Troubleshooting

Slow replies: find the bottleneck

When a buyer says "the bot is slow", the first question is which stage is slow. A visitor turn crosses four network round-trips before the first character appears, and they fail independently:

Stage	What it is	Typical	Fix when slow
`embed_ms`	Embedding the visitor's question (provider API call)	80–250ms	Provider region; retrieve cache absorbs repeats
`ann_ms`	Vector similarity search (Vectorize or Qdrant)	80–300ms remote / <10ms local Qdrant	Run Qdrant on the app server (`VECTOR_PROVIDER=qdrant`)
`rerank_ms`	Cross-encoder reranking of candidates	120–400ms	Lower `RAG_RERANK_FAN_OUT`; accept ANN order
`first_token_ms`	Wait from turn start until the LLM's first streamed token	200–900ms	Switch to a faster chat model — biggest single lever

The dashboard

Super-admin → /settings/system/hotpath-latency. Shows the last 100 visitor turns with one column per stage, p50 / p95 / max aggregate cards, and a plain-English verdict line naming the dominant cost with its remedy. Colour coding: green < 300ms, amber < 800ms, red above.
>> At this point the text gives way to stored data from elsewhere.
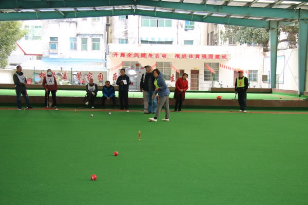 门球是在平地或草坪上用木槌击球穿过铁环门的一种室外球类运动。本次比赛用循环比赛的方式进行,七支代表队的运动员在运动中,锻炼了体力和脑力,加深了相互间的交流。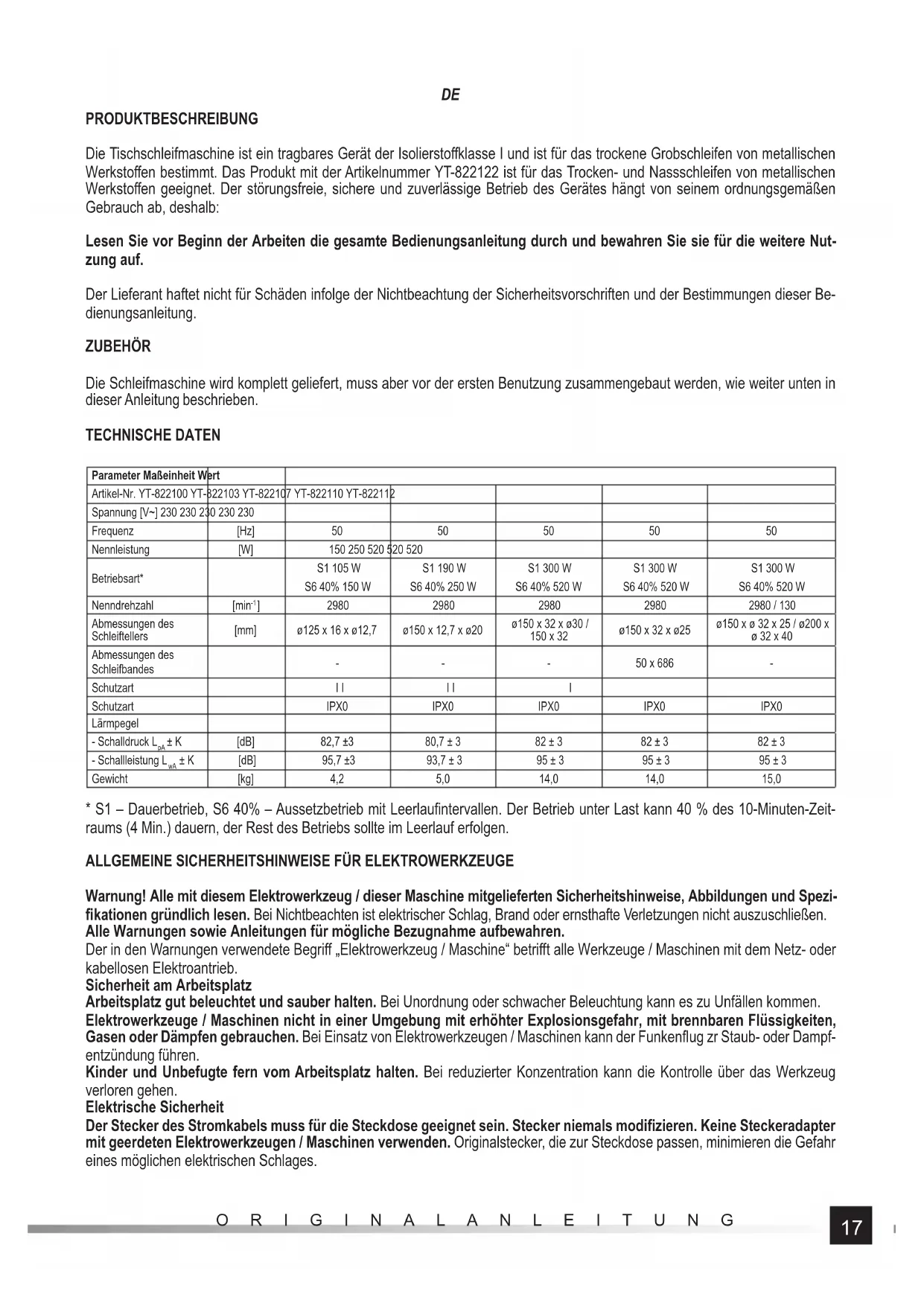 PRODUKTBESCHREIBUNG Die Tischschleifmaschine ist ein tragbares Gerät der Isolierstoff klasse I und ist für das trockene Grobschleifen von metallischen Werkstoff en bestimmt. Das Produkt mit der Artikelnummer YT-822122 ist für das Trocken- und Nassschleifen von metallischen Werkstoff en geeignet. Der störungsfreie, sichere und zuverlässige Betrieb des Gerätes hängt von seinem ordnungsgemäßen Gebrauch ab, deshalb: Lesen Sie vor Beginn der Arbeiten die gesamte Bedienungsanleitung durch und bewahren Sie sie für die weitere Nut- zung auf. Der Lieferant haftet nicht für Schäden infolge der Nichtbeachtung der Sicherheitsvorschriften und der Bestimmungen dieser Be- dienungsanleitung. ZUBEHÖR Die Schleifmaschine wird komplett geliefert, muss aber vor der ersten Benutzung zusammengebaut werden, wie weiter unten in dieser Anleitung beschrieben. TECHNISCHE DATEN Parameter Maßeinheit Wert Artikel-Nr. YT-822100 YT-822103 YT-822107 YT-822110 YT-822112 Spannung [V~] 230 230 230 230 230 Frequenz [Hz] 50 50 50 50 50 Nennleistung [W] 150 250 520 520 520 Betriebsart* S1 105 W S6 40% 150 W S1 190 W S6 40% 250 W S1 300 W S6 40% 520 W S1 300 W S6 40% 520 W S1 300 W S6 40% 520 W Nenndrehzahl [min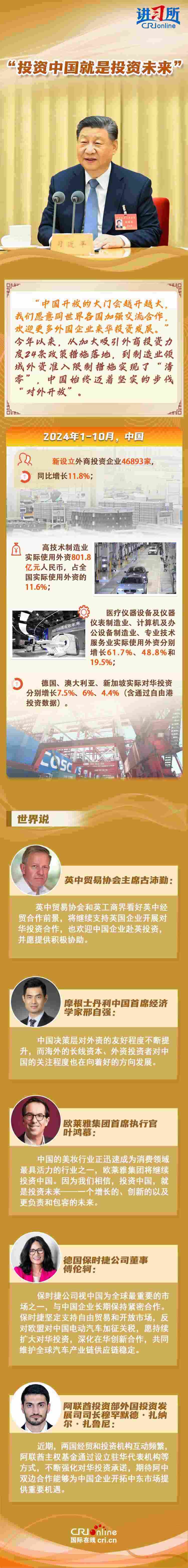 “中國是實干家、行動派?!苯衲暌詠?,從習(xí)近平主席的歐洲之行到拉美之行,再到四天前在北京會見主要國際經(jīng)濟組織負責(zé)人,習(xí)近平一直強調(diào),中國的發(fā)展將給世界帶來巨大機遇。據(jù)聯(lián)合國貿(mào)易和發(fā)展會議不久前發(fā)布的《世界投資報告2024》中文版顯示,中國吸引外資的結(jié)構(gòu)不斷優(yōu)化、質(zhì)量不斷提高,多位政商界人士也認為中國是一個非常有前景的市場,投資中國就是投資未來。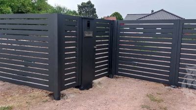 Diese Art der Lösung wird insbesondere für Unternehmen und private Bereiche mit größeren Flächen empfohlen, die häufig durch einen modernen Zaun an der Vorderseite des Gebäudes ergänzt werden.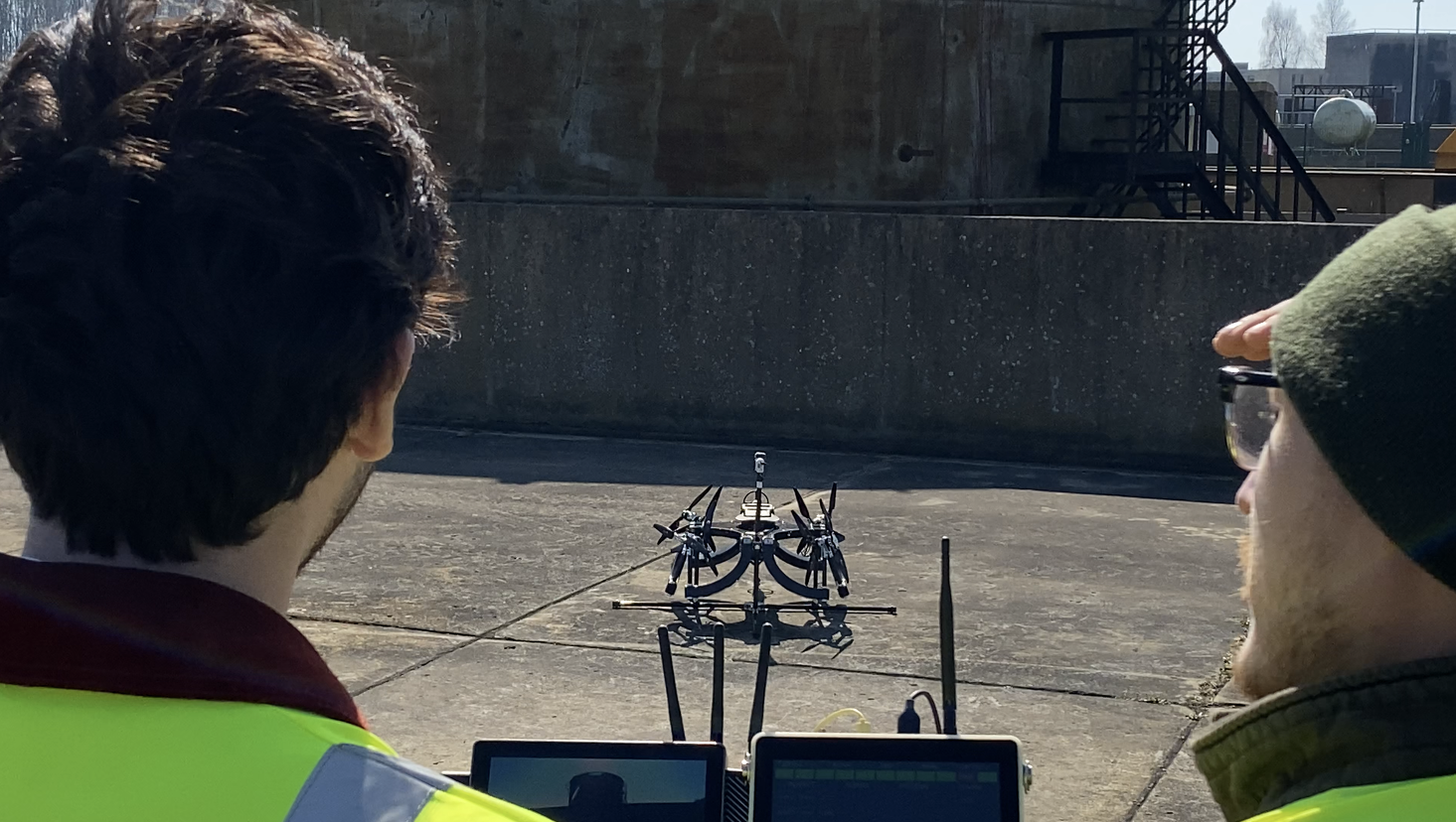 当Skygauge无人机在危险场所进行检测时,工人们待在地面上。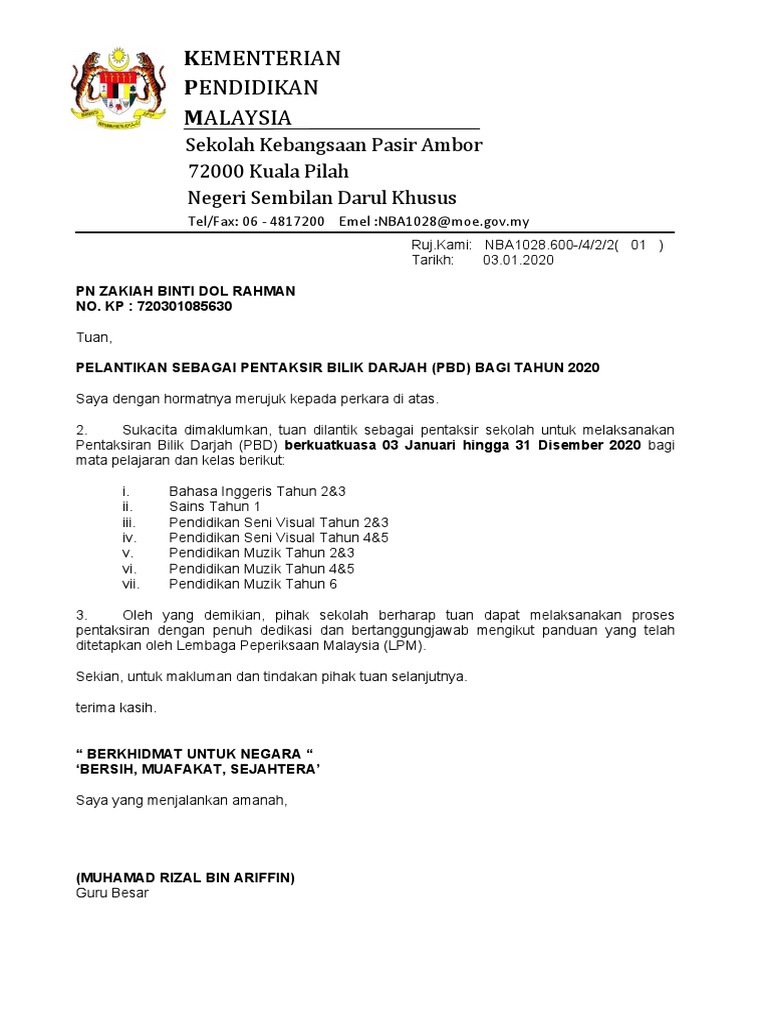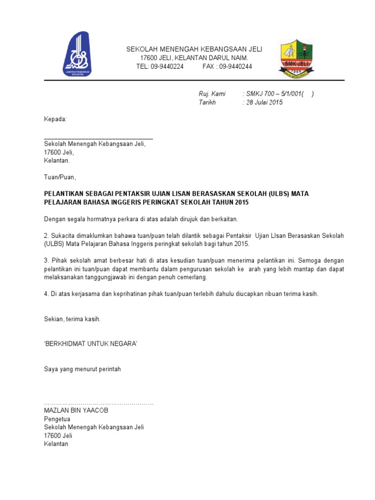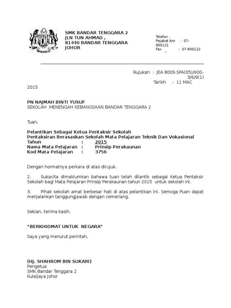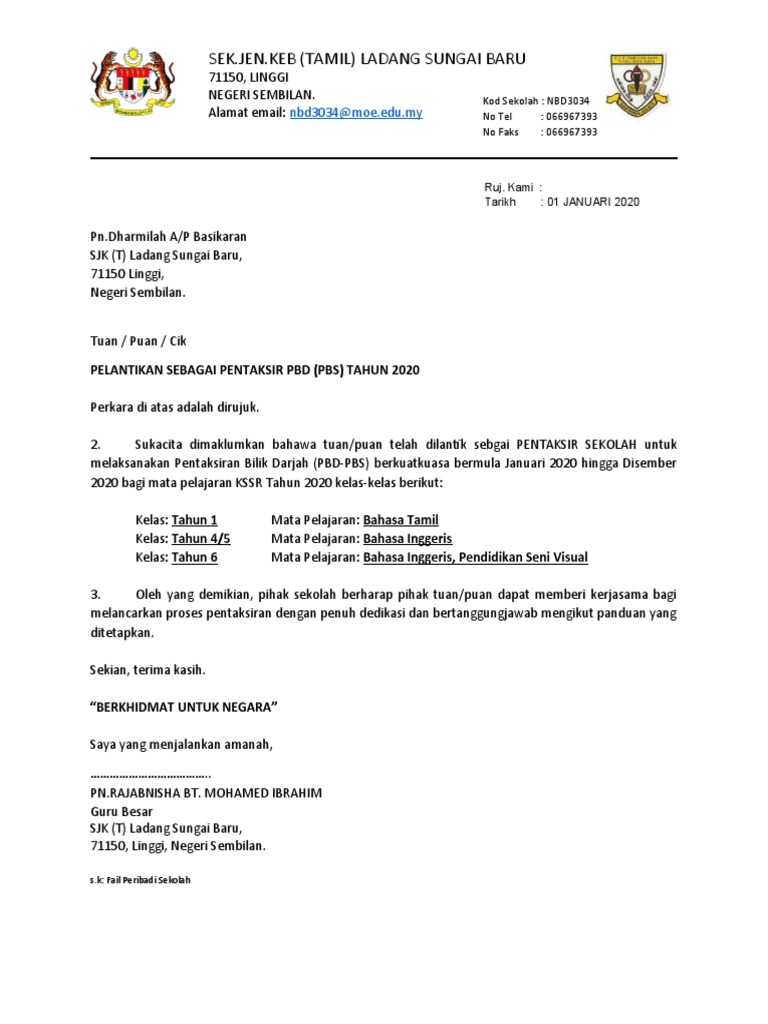 Contoh Surat lantikan pentaksir pbs. Perkara di atas adalah dirujuk. Sukacita dimaklumkan bahawa tuan telah dilantik sebagai Pentaksir Sekolah SPM 2021 bagi MATA PELAJARAN BAHASA MELAYU.

Data comes from a cache-backed ring buffer the stream handler appends to after the reply finishes streaming — visitors pay zero latency for the bookkeeping. Buffer survives 7 days or 100 turns, whichever ends first. No database table involved, so it works identically on Redis and database cache drivers.

Reading the table

First token high, retrieval low — the LLM is the bottleneck. Open Settings → System → AI providers and pick a faster model (the dropdown shows expected TTFT per model).
Retrieval high — check which sub-column grew. Search high → vector store round-trip; running Qdrant locally takes it under 10ms. Rerank high → reduce fan-out. Embed high → provider region.
"retrieve cache hit" rows — repeat questions skip embed/search/rerank entirely (30-minute cache). These rows show what your pipeline costs when retrieval is free.
Everything green but visitors still complain — the problem is between the visitor's browser and your server: proxy buffering (see the SSE heartbeat notes in Architecture → Hot path), TLS setup time, or plain geography.

The fast router

When an agent has tools enabled, every legacy turn pays a tool-check completion — a full non-streaming LLM call (1–3 of them, 5–15s each on Workers AI 70B) before the streamed answer starts. Measured in production this put first-token p50 at ~14s even on the fastest model, while ~90% of visitor questions never needed a tool.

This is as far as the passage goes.